The status of the KMS key changes from Pending Deletion to Disabled. To use the KMS key, you must enable it.

Adding permission to schedule and cancel key deletion

If you use IAM policies to allow AWS KMS permissions, all IAM users and roles that have AWS administrator access ("Action": "*") or AWS KMS full access ("Action": "kms:*") are already allowed to schedule and cancel key the deletion of KMS keys. If you rely on the key policy alone to allow AWS KMS permissions, you might need to add additional permissions to allow your IAM users and roles to delete KMS keys. You can add those permissions in the AWS KMS console or by using the AWS KMS API.

Adding permission to schedule and cancel key deletion (console)

You can use the AWS Management Console to add permissions for scheduling and canceling key deletion.

  1. Sign in to the AWS Management Console and open the AWS Key Management Service (AWS KMS) console at https://console.aws.amazon.com/kms.

  2. To change the AWS Region, use the Region selector in the upper-right corner of the page.

  3. In the navigation pane, choose Customer managed keys.

  4. Choose the alias or key ID of the KMS key whose permissions you want to change.

  5. Choose the Key policy tab. Under Key deletion, select Allow key administrators to delete this key and then choose Save changes.

    Note

    If you do not see the Allow key administrators to delete this key option, this usually means that you have changed this key policy using the AWS KMS API. In this case, you must update the key policy document manually. Add the kms:ScheduleKeyDeletion and kms:CancelKeyDeletion permissions to the key administrators statement ("Sid": "Allow access for Key Administrators") in the key policy, and then choose Save changes.

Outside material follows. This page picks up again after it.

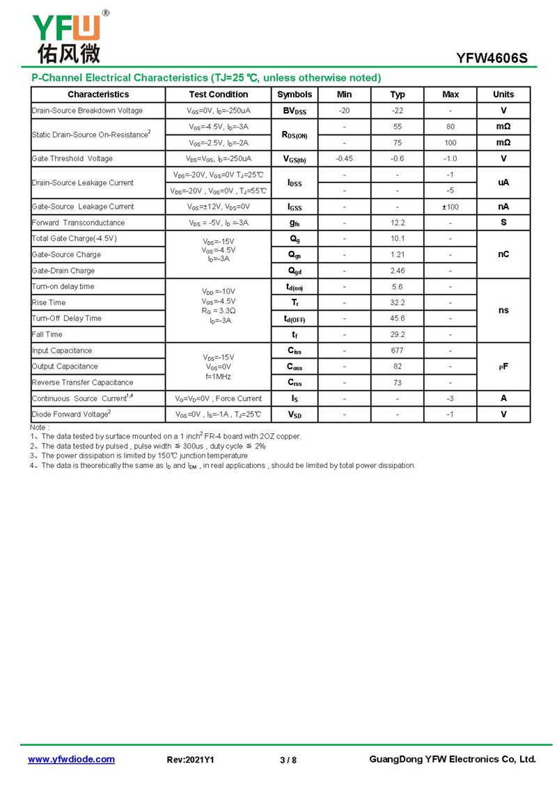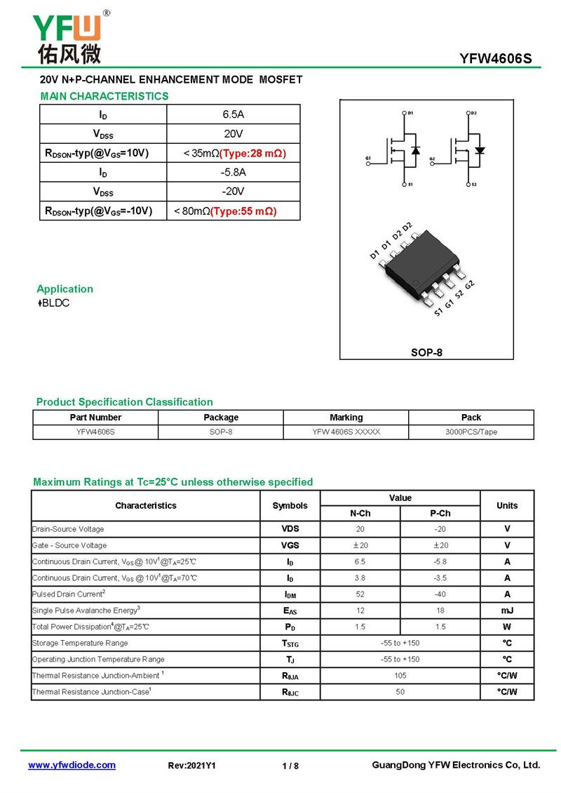 場效應管YFW4606S 規(guī)格書_價格_PDF手冊-廣東佑風微原廠YFW4606S SOP-8_(YFW佑風微)品牌

Adding permission to schedule and cancel key deletion (AWS CLI)

You can use the AWS Command Line Interface to add permissions for scheduling and canceling key deletion.

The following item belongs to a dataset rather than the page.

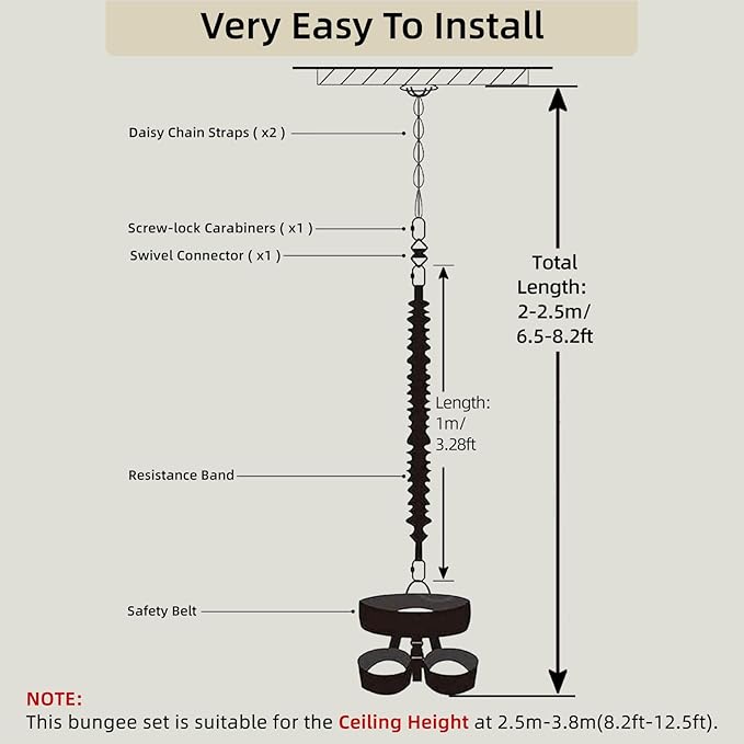 - 【6 Sizes for Choosin】Our elastic rope fitness setup comes in multiple resistance levels, with an adjustable safety harness designed for all body types: XS: 88–110 lbs S: 110–132 lbs M: 132–154 lbs L: 154–176 lbs XL: 176–198 lbs XXL: 198–220 lbs Note: Suitable for ceilings/floors 2.5–3.8m (8.2–12.5 ft) in height

To add permission to schedule and cancel key deletion

  1. Use the aws kms get-key-policy command to retrieve the existing key policy, and then save the policy document to a file.

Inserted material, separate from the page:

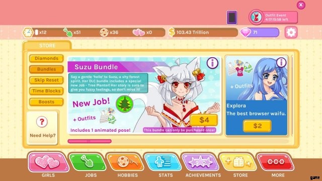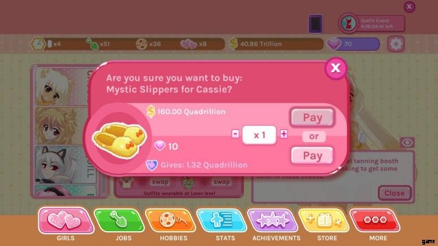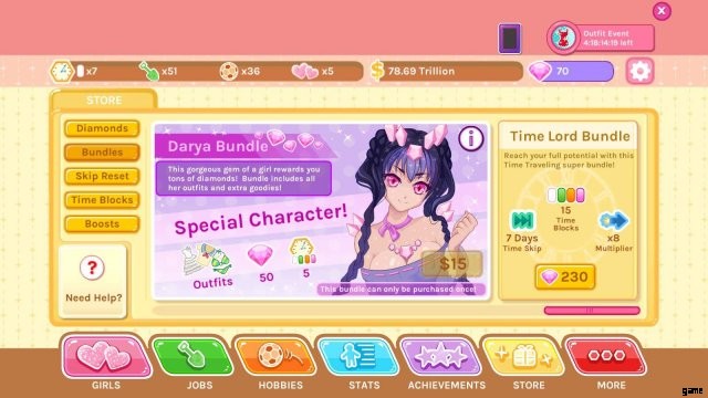このゲームの主なポイントは、ワイフに会い、彼らを口説くことです。そのため、このゲームでお金を使う最善の方法の 1 つは、新しい女の子を口説くことです。バンドル ガールには、仕事、スピード デート、Darya の場合はダイヤモンドなどのボーナスが付属していますが、これらはすべて、最も重要な部分である、口説き、一緒に時間を過ごすための新しいワイフに次ぐものです。

  2. Open the policy document in your preferred text editor, add the kms:ScheduleKeyDeletion and kms:CancelKeyDeletion permissions to the policy statement that gives permissions to the key administrators (for example, the policy statement with "Sid": "Allow access for Key Administrators"). Then save the file. The following example shows a policy statement with these two permissions:

    { "Sid": "Allow access for Key Administrators", "Effect": "Allow", "Principal": {"AWS": "arn:aws:iam::111122223333:user/KMSKeyAdmin"}, "Action": [ "kms:Create*", "kms:Describe*", "kms:Enable*", "kms:List*", "kms:Put*", "kms:Update*", "kms:Revoke*", "kms:Disable*", "kms:Get*", "kms:Delete*", "kms:ScheduleKeyDeletion", "kms:CancelKeyDeletion" ], "Resource": "*" }
  3. Use the aws kms put-key-policy command to apply the key policy to the KMS key.